> EXTRACTED ENTRIES:

++++++++

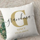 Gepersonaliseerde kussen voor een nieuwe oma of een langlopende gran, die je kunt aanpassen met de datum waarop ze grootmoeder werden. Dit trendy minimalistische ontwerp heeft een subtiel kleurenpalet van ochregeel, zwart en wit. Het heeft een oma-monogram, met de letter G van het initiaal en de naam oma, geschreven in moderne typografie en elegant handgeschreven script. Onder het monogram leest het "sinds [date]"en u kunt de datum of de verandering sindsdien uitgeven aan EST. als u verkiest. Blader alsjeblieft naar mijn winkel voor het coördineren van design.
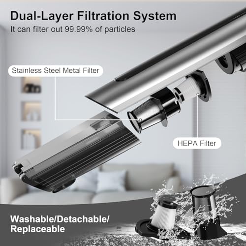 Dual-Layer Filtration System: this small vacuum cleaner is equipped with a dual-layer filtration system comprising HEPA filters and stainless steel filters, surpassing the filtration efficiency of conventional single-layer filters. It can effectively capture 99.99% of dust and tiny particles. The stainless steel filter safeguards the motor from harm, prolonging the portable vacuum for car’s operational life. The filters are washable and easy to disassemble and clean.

++++++++

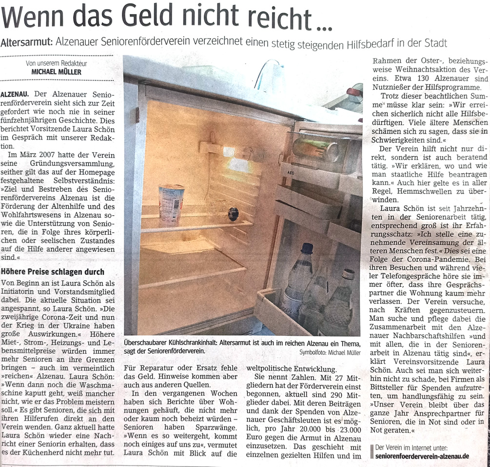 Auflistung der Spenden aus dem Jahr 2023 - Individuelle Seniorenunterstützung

++++++++

Copy back exactly the lines above from the one containing "Gepersonaliseerde kussen voor" through the one containing "Dual-Layer Filtration System: this", and leave every picture behind.

> ANSWER SECTION:
 Gepersonaliseerde kussen voor een nieuwe oma of een langlopende gran, die je kunt aanpassen met de datum waarop ze grootmoeder werden. Dit trendy minimalistische ontwerp heeft een subtiel kleurenpalet van ochregeel, zwart en wit. Het heeft een oma-monogram, met de letter G van het initiaal en de naam oma, geschreven in moderne typografie en elegant handgeschreven script. Onder het monogram leest het "sinds [date]"en u kunt de datum of de verandering sindsdien uitgeven aan EST. als u verkiest. Blader alsjeblieft naar mijn winkel voor het coördineren van design.
 Dual-Layer Filtration System: this small vacuum cleaner is equipped with a dual-layer filtration system comprising HEPA filters and stainless steel filters, surpassing the filtration efficiency of conventional single-layer filters. It can effectively capture 99.99% of dust and tiny particles. The stainless steel filter safeguards the motor from harm, prolonging the portable vacuum for car’s operational life. The filters are washable and easy to disassemble and clean.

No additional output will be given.